According to Zhong, Wudang used to have 11 branches, but now only has six. “The most important reason for their disappearance is the strict rules of inheritance. There used to be more than 400 sects in Taoism Gong Fu, but most of them were lost over time.”
Wudang swordsmanship exists only in legends because today’s swords are made of iron and are wobbly, so they are only suitable for performances or collection. He has collected various swords, all of which are unsatisfactory, except one: a rusty sword made in the 1980s has companied Zhong till now.
“It’s performance rather than community,” Zhong said, describing the present environment of Gong Fu. Before, several years of training was required before one could even start learning Wudang Gong Fu. Nowadays, most people are just interested in superficial moves.

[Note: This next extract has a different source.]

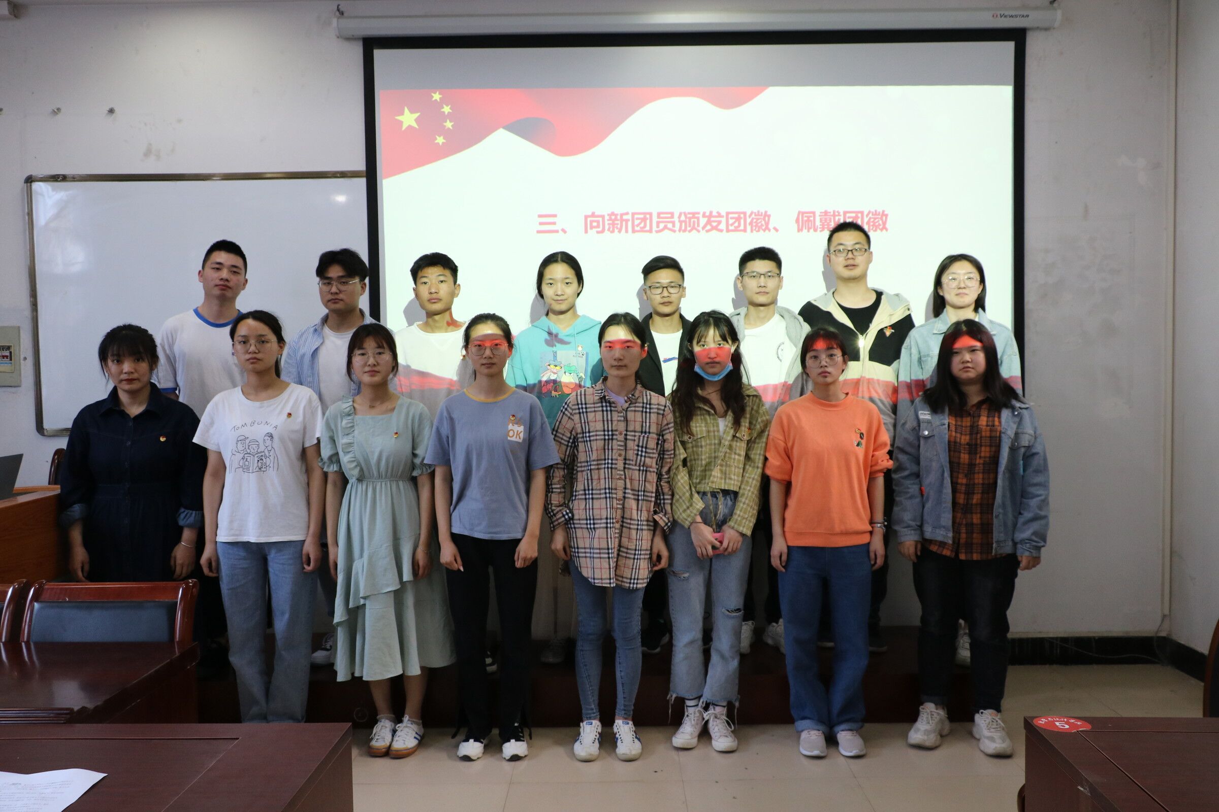 仪式在庄严的团歌声中拉开序幕。首先,由16名新团员面向团旗庄严宣誓。党员同志为新团员颁发团徽并佩带团徽,入团介绍人代表谢少华同学宣读《团章》中有关团员义务和权利的条款。接着,新团员代表段琪琪同学代表新团员发言,她表示将以实际行动践行自己的入团誓言,时刻保持先进性,争当团的先进模范。之后,由老团员代表张欣荣同学号召所有团员紧密拥护团组织,树立崇高理想,服务贡献社会。最后,团总支书记姜素华老师讲话并对新团员提出希望和要求,要全心全意努力学习,为自己的人生迈好每一步,要积极争做一个优秀的公民,通过自己的不断努力,造就成为社会的有用之才。

According to rumor, Zhong’s master gave him a sword book before he died. Zhong said the rumor is false. “There’s no such sword book. We were taught the arts orally.”
Wudang and Shaolin are the best-known forms of Chinese Gong Fu. Wudang is famous for swordsmanship while Shaolin style is superior in boxing. Wudang’s swordsmanship is famous in China. It combines both hard and soft moves that change according to the reactions of the challengers.
Nowadays, Taoists in Wudang pay more attention to tourism than Gong Fu. Data shows that Wudang received 7.6 million tourists in 2016, and made 4.3 billion RMB in 2016.
Zhong left the Purple Cloud Temple last year, despite his promise to his master that he would never leave the Wudang Mountain. He did not take his sword with him.